Hannah Christina’s Rosie and Emilio Encinoso-Gil’s Rex in Pocklington Arts Centre’s Christmas show, Jingle All The Way

Deer double act of the week: Jingle All The Way, Pocklington Arts Centre, today, tomorrow, 1.30pm; Monday, 4.30pm; Tuesday, 10.30am and 4.30pm  

FROM the team behind The Elves And The Shoemaker Save Christmas and Jack Frost’s Christmas Wish comes Elizabeth Godber’s latest Christmas family adventure, co-directed by Jane Thornton with musical direction by Dylan Allcock.

Reindeer siblings Rex (Emilio Encinoso-Gil) and Rosie (Hannah Christina) are reluctant to start at a new school just before Christmas, especially when that school is the East Riding Reindeer Academy, home of supreme athletes. Santa, however, has a position free on his sleigh squad; could this be Rex’s big chance? Box office: 01759 301547 or pocklingtonartscentre.co.uk.

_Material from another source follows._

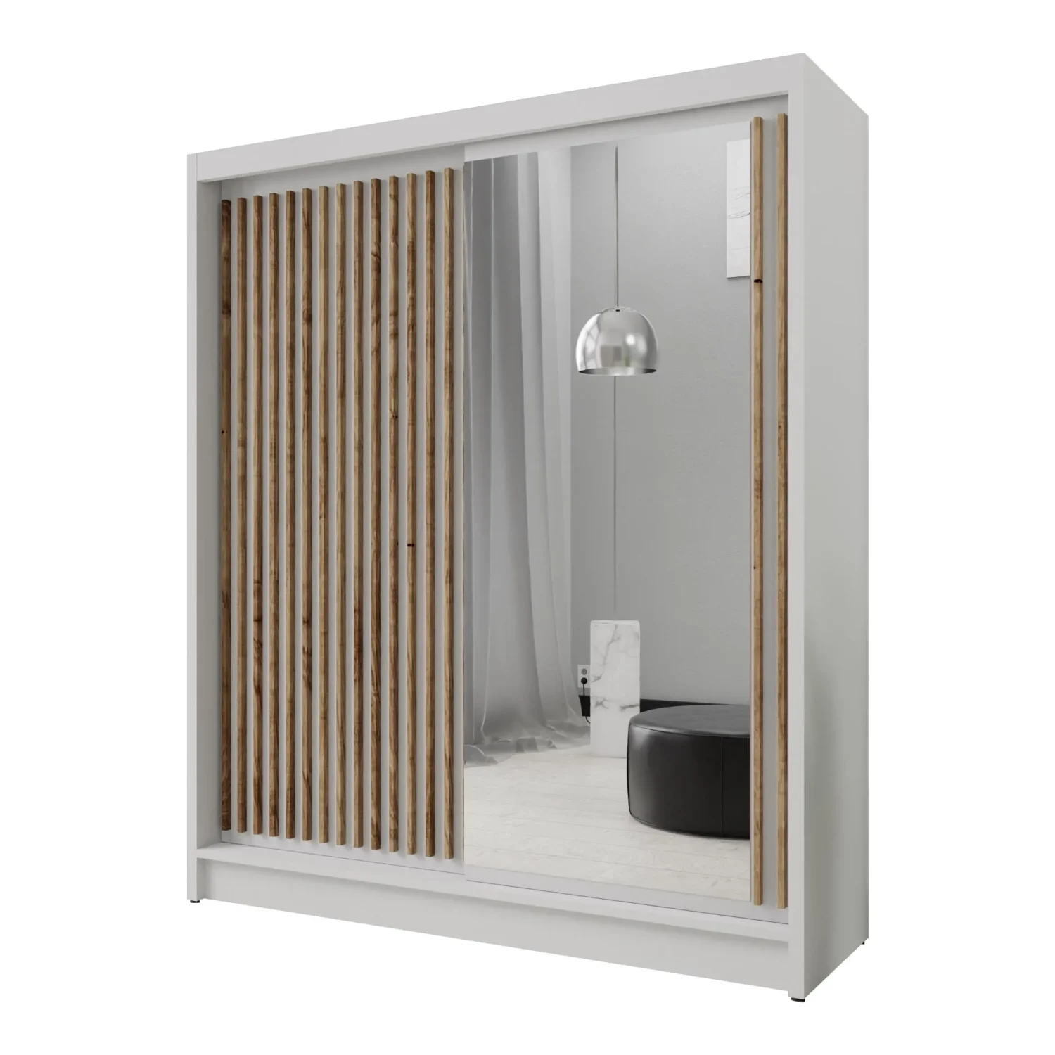 Das Besondere an diesem Modell sind die markanten senkrechten Lamellen in edler handwerklicher Eichenfarbe, die der weißen Oberfläche einen einzigartigen Charakter verleihen. Innen bietet der Schrank großzügigen Platz mit Regalen und einer Kleiderstange, perfekt zum Aufbewahren von Kleidung, Schuhen und Accessoires.

Northern Ballet’s dancers in a flurry of snow in The Nutcracker at Leeds Grand Theatre. Picture: Sophie Beth Jones

Ballet of the week: Northern Ballet in The Nutcracker, Leeds Grand Theatre, until January 4 2026

LEEDS company Northern Ballet’s much-loved festive production of The Nutcracker – premiered in 2007 – is revived anew this winter, featuring lavish costumes and Charles Cusick Smith sets that capture the 19th century Regency England setting beautifully for the timeless story of Clara and her wooden Nutcracker doll. As the clock strikes midnight, she finds herself being whisked away on a magical adventure filled with dancing snowflakes and a whole host of colourful characters. 

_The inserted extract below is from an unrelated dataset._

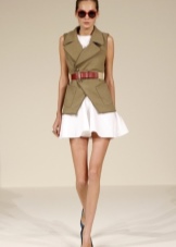An extended jacket with a belt is very popular among thin-waist girls. This wardrobe item is tailored to the type of shirt, has patch pockets on the chest and is often decorated with shoulder straps. With the help of such a jacket, you can visually make the shoulders narrower and the waist thinner. Jacket sleeves can have different lengths, which allows you to wear it in cold and warm weather.

Choreographed by former artistic director David Nixon CBE, the ballet is performed to the instantly recognisable music of Russian composer Pyotr Ilyich Tchaikovsky that first accompanied Marius Petipa and Lev Ivanov’s original choreography in 1892. Glory be, that score will be performed live under conductor Yi Wei. Box office: https://northernballet.com/the-nutcracker.

Gemma Curry and her Arctic Fox puppet in Yuletide Tales at Rise@Bluebird Bakery, Acomb

Where the Northern Lights dance and old tales come alive: Hoglets Theatre in Yuletide Tales, Rise@Bluebird Bakery, Acomb Road, Acomb, York, Sunday, doors 4pm

GATHER round as the snow begins to fall and step into a world of wonder, cheeky robins and enchanted polar bears in Yuletide Tales, York company Hoglets Theatre’s heartwarming festive show for families, full of original songs, puppetry and magical storytelling.

Join cheerful storyteller Gemma Curry and her mischievous Arctic Fox friend as they journey through wintery folktales from the icy kingdoms of the North to the shimmer of the Northern Lights. Re-imaginings of traditional stories East Of The Sun And West Of The Moon, The Arctic Fox And The Northern Lights and How The Moon Got Its Cloak are accompanied by gentle audience interaction and a message of warmth and togetherness. Box office: bluebirdbakery.co.uk/rise.

The poster for Anton Du Beke’s festive song-and-dance show with friends at York Barbican

Dandy dancing of the week: Christmas With Anton Du Beke & Friends, York Barbican, Sunday, 5pm

EMBARK on a dazzling journey into a festive wonderland as Strictly Come Dancing judge and ballroom king Anton Du Beke joins forces with his dynamic live band, vocalist Lance Ellington and  troupe of dancers for a magical evening of cherished Christmas songs, captivating dance and festive humour. Box office: yorkbarbican.co.uk.

Recommended but sold out already is Robert Plant’s Saving Grace gig, Ding Dong Merrily, at York Barbican on December 23 (doors 7pm), when Plant, co-vocalist Suzi Dian drummer Oli Jefferson, guitarist Tony Kelsey, banjo and string player Matt Worley and cellist Barney Morse-Brown showcase September 26’s Saving Grace album, “a song book of the lost and found”.

David Ward Maclean: Marking Winter Solstice with “iceberg songs with penguins on them”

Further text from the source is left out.